A person of color who was prosecuted after he was barred entry to his own apartment building by a security guard that didn’t believe that he lived there has been acquitted of all charges, Public Defender Jeff Adachi announced today.

Shaun Huddleston, 52, was facing up to two and half years in jail for battery and resisting arrest after a confrontation with a guard at his building. Mr. Huddleston acquired a subsidized unit in a $5,000 a month complex on the 800 block of Brannon Street through a housing lottery.

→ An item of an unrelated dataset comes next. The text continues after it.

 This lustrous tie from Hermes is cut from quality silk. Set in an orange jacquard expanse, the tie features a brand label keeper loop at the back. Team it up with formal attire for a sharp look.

“As we see far too many times in this country, my client was a black man who just wanted to get home but was unfairly profiled by people who didn’t think he looked like he belonged there,” said Deputy Public Defender Brandon Banks. The incident began on November 24, 2018, when Mr. Huddleston attempted to enter the building without his key fob, the jury learned. He banged on the glass to get someone’s attention, but instead attracted the attention of a security guard who refused to let him in. “She never asked him to identify himself nor checked to see if he was in fact a resident,” said Banks. Mr. Huddleston testified that he became agitated, and cellphone and surveillance footage showed the animated interaction between he and the guard. At one point Mr. Huddleston attempted to pull the door open and the guard slammed his hand in the door, the jury learned. The defendant pushed the door back open, bumping the guard, which resulted in a battery charge. Initially, Mr. Huddleston was charged with three counts of making criminal threats after he became irate at the situation, but those charges were dismissed by Judge Kay Tsenin mid-trial, Banks said.

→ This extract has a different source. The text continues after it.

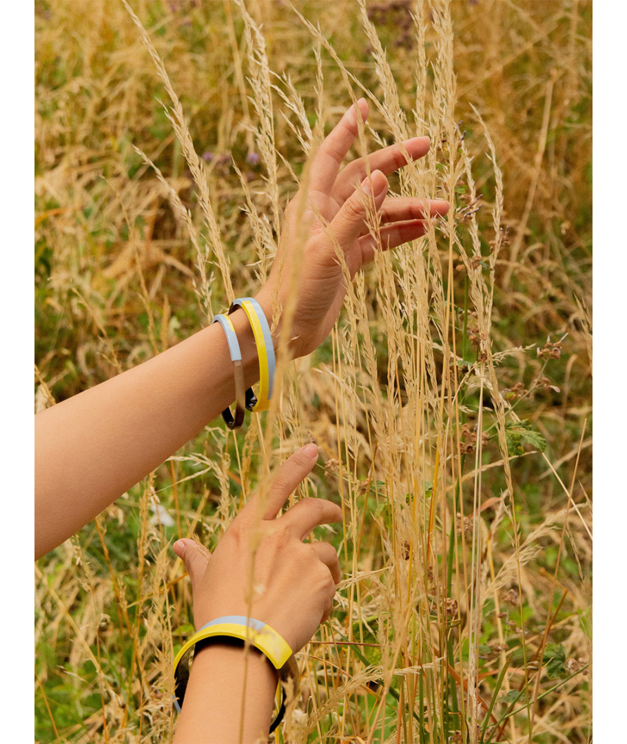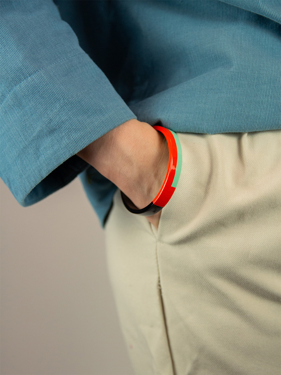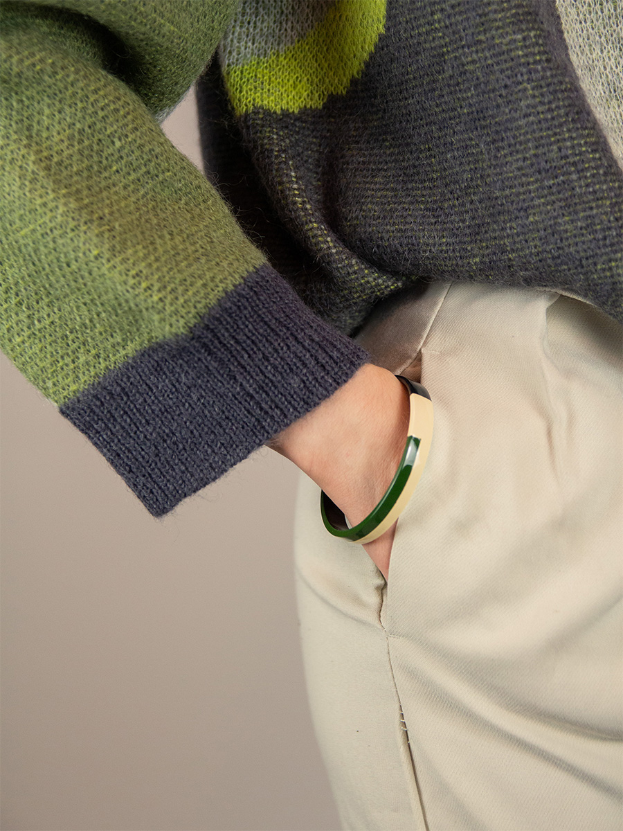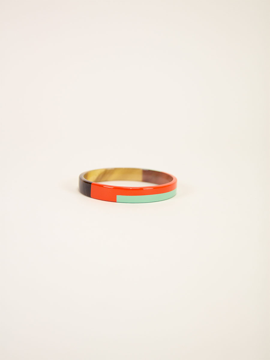 Thin bangle in hoof and yellow-blue lacquer, size L

He eventually entered his apartment but was later arrested after the police knocked on his door. He was charged with resisting arrest, but after viewing the body-worn camera footage from the officers which didn’t prove such a thing occurred, the jury found the charge groundless. “He was never even told he was being arrested,” said Banks. “He opened the door, with no shirt on, and was immediately placed in handcuffs. They never gave him the opportunity to get dressed and they yanked him down the hallway, in front of all of his neighbors, further humiliating him.”

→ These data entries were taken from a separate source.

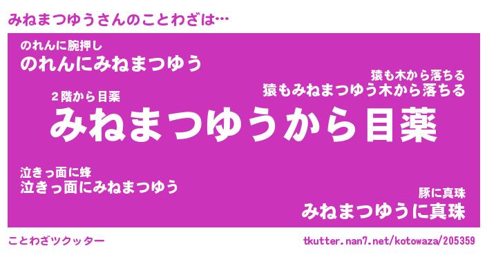 | 胡散臭い通販商品みたいなあだ名 | 『億万長者になれるブレスレット…その名も「みねまつゆう」』 |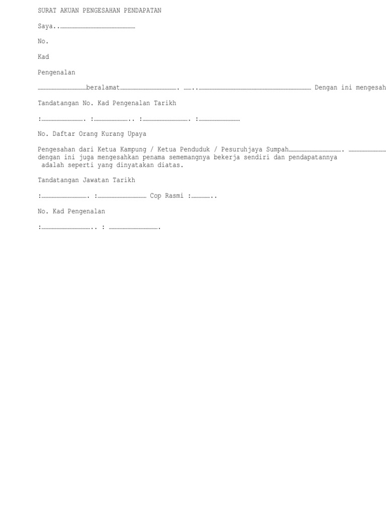Akuan Pengesahan Pendapatan Doc Document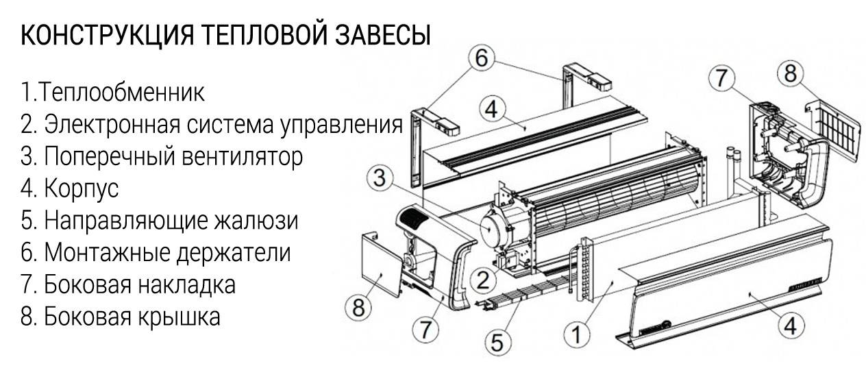 Турбина вентилятора размещается вдоль всего устройства – это обеспечивает эффективность и равномерную подачу горячего воздуха, который прокачивается по корпусу. Схема движения воздуха следующая: холодный воздух забирается у пола, продувается через нагревательный контур и выдаётся горячей струёй параллельно плоскости дверей или ворот.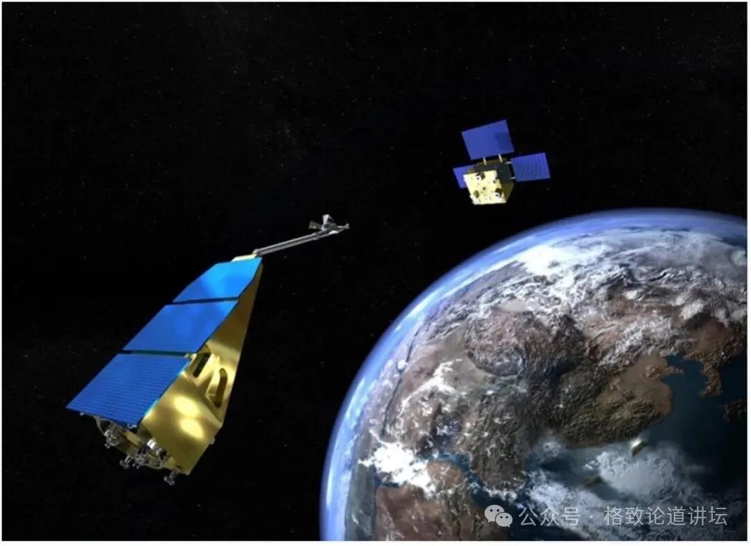 ▲中国地震电磁监测试验卫星 (后)和澳科一号(前)

To add insult to injury, Mr. Huddleston was also rendered homeless for a month because Judge John Garibaldi issued a stay-away order from his own apartment, said Banks. “The judge simply read the police report and took those statements as true,” he said. “It took multiple motions being filed to get this stay-away order modified so that Mr. Huddleston could go home. It’s cases like this one that led me to be a public defender. Mr. Huddleston needed justice on his side.”

Public Defender Jeff Adachi agrees. “Far too often people of color are wrongly accused of being somewhere they aren’t supposed to be. In this case, it cost a man a roof over his head for four weeks and it could have cost him years in jail. Thankfully, the jury cut through the veil of prejudice and went straight for the facts. We wish Mr. Huddleston only the best going forward, as he tries to move past this demeaning episode.”